TRY IT
Begin at the line that contains "- PREPARE MEALS" and reproduce it along with every line after it to the end of the listing; skip any pictures.

RECORDED DATA

═══

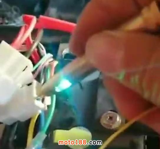 在有檢測儀表的情況下,騎乘人員可以使用檢測儀表檢測電瓶的充電電流,即將萬用表串接入充電系統的穩壓整流器與電瓶之間的線路中,測量發動機工作后充電系統對電瓶的充電電流,來判斷充電系統工作是否正常。
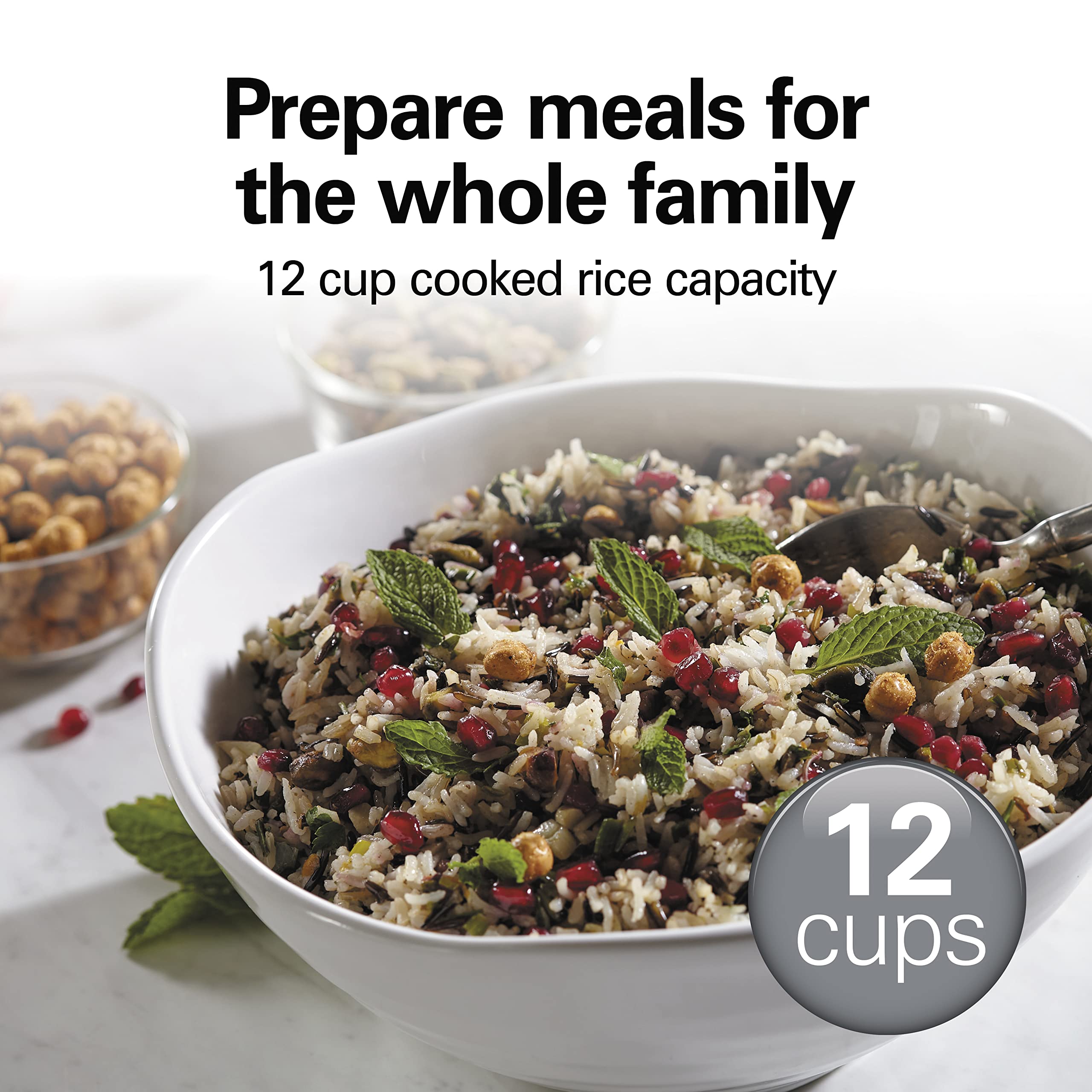 - PREPARE MEALS FOR THE WHOLE FAMILY: The nonstick removable pot of the Hamilton Beach rice cooker is large enough to feed your whole family ā it fits up to 12 cups/3 quarts of everything from cooked rice* and grains to hearty chili, stew or soup.
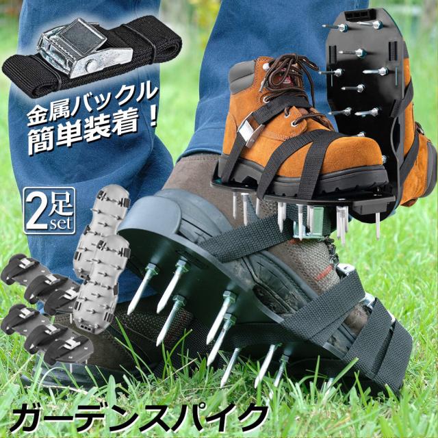 芝スパイク ガーデンスパイク 2足セット スパイクシューズ 芝生 スパイク 復活 道具 工具 穴あけ 穴開け機 エアレーション機器 穴開け機 育成 高麗芝 庭 ガーデン グッズ 病気 パンチ 芝 シバ 靴 活性化 手入れ 手軽 刃 芝生スパイク 土壌改良

═══

RESPONSE AREA
 - PREPARE MEALS FOR THE WHOLE FAMILY: The nonstick removable pot of the Hamilton Beach rice cooker is large enough to feed your whole family ā it fits up to 12 cups/3 quarts of everything from cooked rice* and grains to hearty chili, stew or soup.
 芝スパイク ガーデンスパイク 2足セット スパイクシューズ 芝生 スパイク 復活 道具 工具 穴あけ 穴開け機 エアレーション機器 穴開け機 育成 高麗芝 庭 ガーデン グッズ 病気 パンチ 芝 シバ 靴 活性化 手入れ 手軽 刃 芝生スパイク 土壌改良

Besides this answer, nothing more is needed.